Is string.indexOf() treated the same on Linux vs Windows?

I’m not an experienced JavaScript programmer. This is my first project using JS.

I’m developing on Linux and am at the point for my first release. Running the project on a Windows machine I came across the following …

global.DBSysInfo;

console.log("DBSysInfo =n" + DBSysInfo);
var pnt1 = DBSysInfo.indexOf('DBActive = "yes"');
console.log("pnt1 = " + pnt1);
var pnt2 = DBSysInfo.indexOf(os.EOL + os.EOL, pnt1) + 1;
console.log("pnt1 = " + pnt1 + "; pnt2 = " + pnt2);
console.log("DBSysInfo.substring =n" + DBSysInfo.substring(pnt1, pnt2));

The above code works as expected on Linux:

DBSysInfo =
SysLocation = "C:UsersmlakeMELGenKey"  
  
DBActive = "yes"  
DBName = "SOT2-KILLE20240704"  
DBUserID = "2.0"  
DBStatus = "1"  
DBSecurity = "0"  
DBLocation = "DBs/SOT2-KILLE20240704"  


pnt1 = 42  
pnt1 = 42; pnt2 = 176  
DBSysInfo.substring =  
DBActive = "yes"  
DBName = "SOT2-KILLE20240704"  
DBUserID = "2.0"  
DBStatus = "1"  
DBSecurity = "0"  
DBLocation = "DBs/SOT2-KILLE20240704"  

On Windows, the output is:

DBSysInfo =  
SysLocation = "C:UsersmlakeMELGenKey"  
  
DBActive = "yes"  
DBName = "SOT2-KILLE20240704"  
DBUserID = "2.0"  
DBStatus = "1"  
DBSecurity = "0"  
DBLocation = "DBs/SOT2-KILLE20240704"  
  
  
pnt1 = 42  
pnt1 = 42; pnt2 = 0  
DBSysInfo.substring =  
SysLocation = "C:UsersmlakeMELGenKey"  

I don’t understand why the output would be different on Windows.
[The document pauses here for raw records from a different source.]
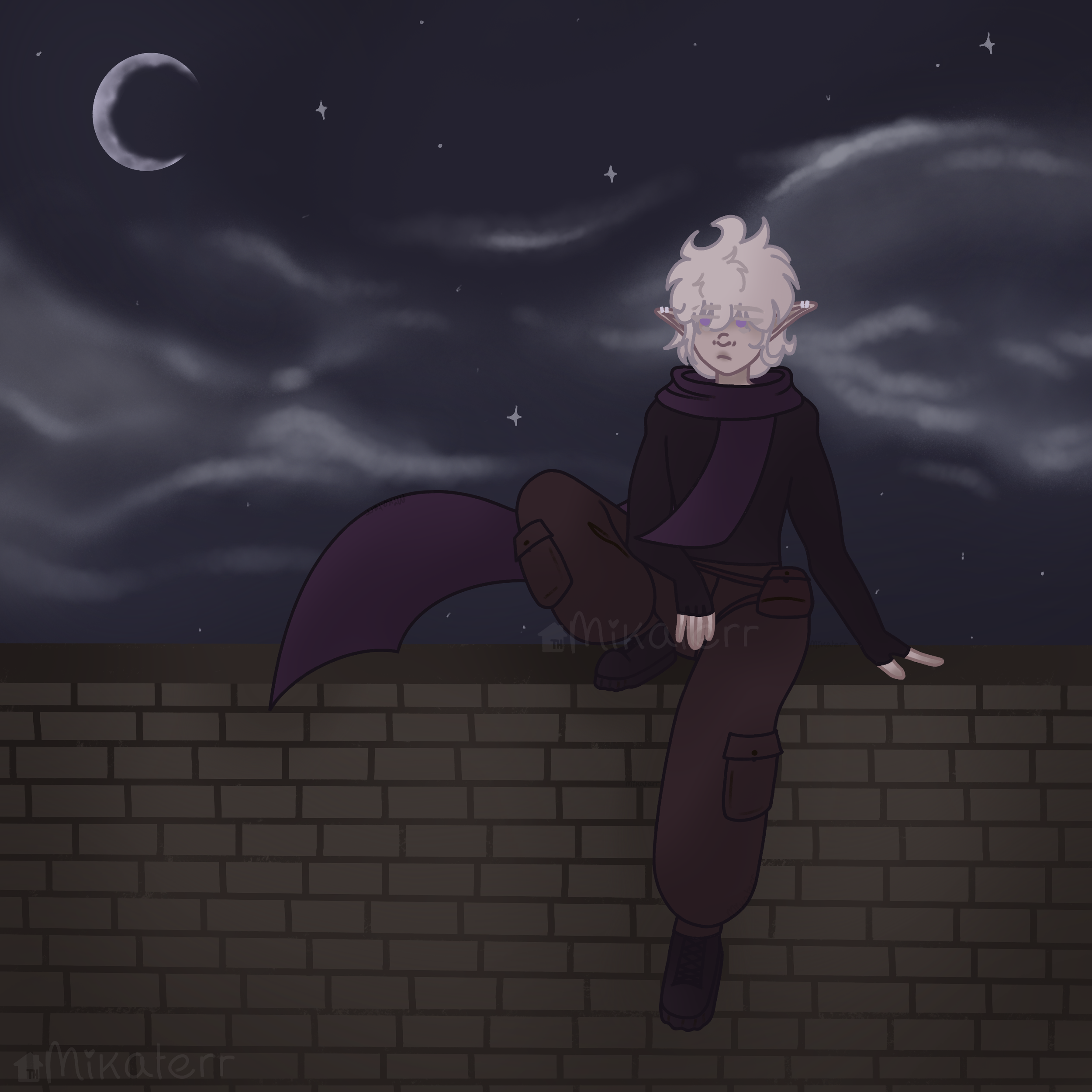 I tried out a few piercings, and then finally made a full drawing of him with background. Very recently I revisited his design after not messing with it for over a year, and changed him to look more like how I’d imagined him in my head. I sketched out some ideas for the hair, adding braids and spikey back hair pieces as the base. I’m still not happy with the result but I do like the braids. I gave his eyes more of a pinkish-purple hue instead of blue-purple, and lightened his hair and skin back to the first draft color. I changed his nose to look more downturned and soft, which went so much easier than the first draft since I studied faces more in the last year.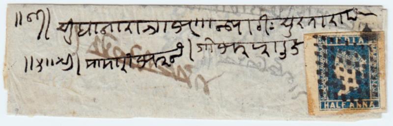 India 1854 ½a pale blue, imperf, die I, mottled print, "INOIA" flaw, cancelled with fine diamond of dots on small piece. SG 3 US$0 (Image)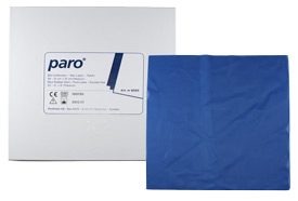 Talkfri medium blå kofferdam av latex i bit, 15 x 15 cm. Noggrant tvättad i tillverkningen för recudering av ytproteiner.
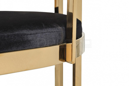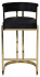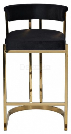 Дизайнерский барный стул дополнит интерьер роскошной кухни или столовой с барной стойкой, а также концептуального заведения в современном стиле или стиле ар-деко. Прекрасный высококачественный велюр насыщенного черного цвета создает беспроигрышный ансамбль с золотой металлической опорой из полированной стали. Прочная конструкция, мягкое широкое сиденье и подушка на спинке, подставка для ног и классическая высота сделают стул идеальным элементом и настоящей изюминкой вашего бара.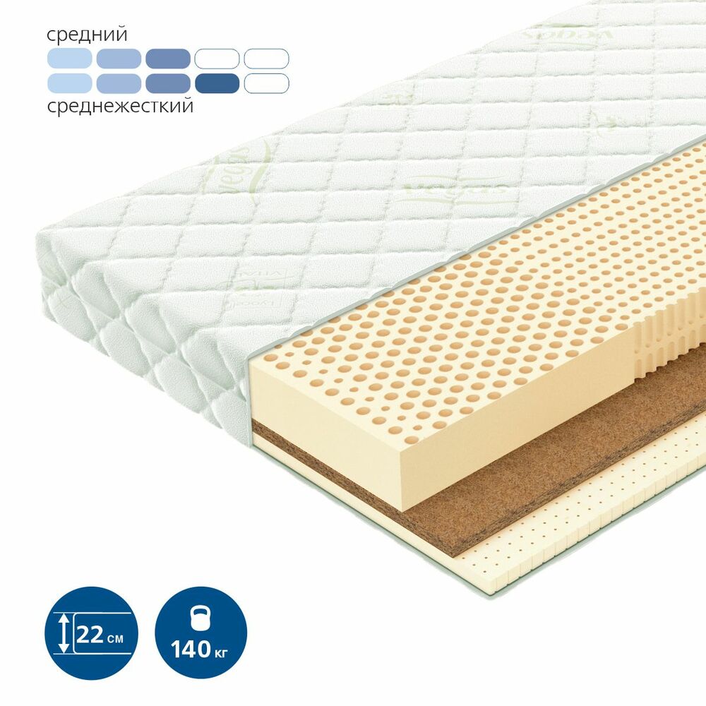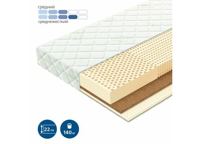 Цельный блок латекса с тремя поперечными зонами жесткости. Специальный набор отверстий различного диаметра и плотности расположения придает каждой из зон собственную жесткость. Таким образом достигается оптимальное распределение нагрузки и высокий ортопедический эффект.

Why would pnt2 be 0? The only thing I can think is the second “indexOf” statement is treating “DBSysInfo” as an array. If so, why? Is global treated differently on Windows than it is on Linux?

I tried using both Edge and Firefox on Windows with the same results, but the code is in node and I wouldn’t think the browser used would make any difference in this instance.